Accordingly, the record is devoid of any evidence that the property owners would have had to access “electrical equipment” to make safe the tripping hazard posed by the shunts. And while we are certainly not suggesting that ordinary homeowners should ever be required to tamper with shunts or move them, that was not required here, where plaintiff is only alleging that a protective board or other device covering up the shunts was required, which device defendants could, at the very least, have easily requested Con Edison to provide. In any event, even if a shunt is “electrical equipment,” nothing in the rules appears to have prohibited the property owners from taking steps to warn pedestrians about the hazard posed by the shunts in a manner that did not involve working within three feet of them or “interfering” with them in any respect.

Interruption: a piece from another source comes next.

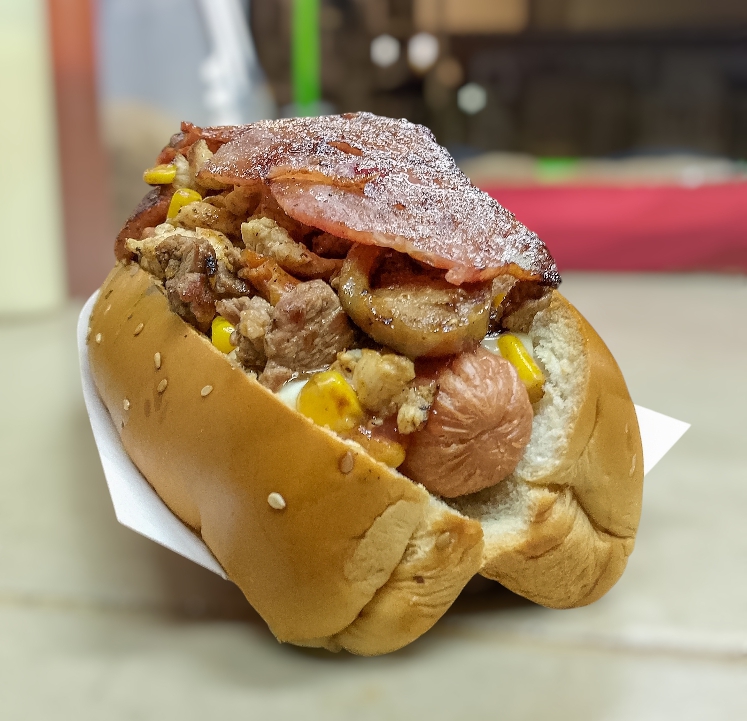 Pan, salchicha super, carne, pollo, tocineta, maiz, chorizo, butifarra, queso mozzarella, salsas y papas ripios.

Like the property owners, the dissent declares that the shunts over which plaintiff tripped were “electrical equipment” for purposes of 34 RCNY 2-20, without offering any support for that conclusion that can be found in the record or elsewhere. Again, the Con Edison witness on whose deposition testimony the dissent relies was a record searcher who readily admitted that he was unfamiliar with the technical jargon related to the manner in which power was restored to the property in question. Further, we disagree with the dissent’s statement that the utility that places shunts on a sidewalk has the sole responsibility to protect pedestrians from tripping over them. The rules that the dissent cites in support of that proposition do not say that. 34 RCNY 2-20 (b) (7) merely provides that “[t]he sidewalk areas over which the shunt runs and all wires shall be protected and ramped with a reflective covering.” 34 RCNY 2-05 (d) (17) *520only says that “[a]ll equipment hoses, cables, or wires placed on the sidewalk while in use shall be bridged and protected by warning signs and/or lights.” Nothing in those rules even implies that utilities have exclusive control over sidewalk shunts so that homeowners deriving a special use from them have no obligation to protect pedestrians from harm posed by the shunts. Thus, because there is a question regarding the extent to which the property owners had control over the shunts, which the property owners acknowledge were for their benefit, an issue of fact exists whether they made special use of them and thus created an obligation to prevent harm arising from the hazard (see Cook, 51 AD3d at 448; Eliassian, 300 AD2d at 51).

Finally, we reject the property owners’ argument that, even if they had control over the shunts, they had no duty to maintain the condition, pursuant to section 7-210 of the Administrative Code of the City of New York. That section states that “[f]ailure to maintain [a] sidewalk in a reasonably safe condition shall include, but not be limited to, the negligent failure to install, construct, reconstruct, repave, repair or replace defective sidewalk flags and the negligent failure to remove snow, ice, dirt or other material from the sidewalk.” (Administrative Code § 7-210 [a].) We have previously stated that the tripping hazard posed by electrical shunts traversing a sidewalk implicates the Administrative Code (see Cook, 51 AD3d at 448). Accordingly, the property owners had a nondelegable duty to keep the sidewalk safe (see id.; Collado v Cruz, 81 AD3d 542 [1st Dept 2011]). Concur — Mazzárelli, J.P., DeGrasse, Richter and Clark, JJ.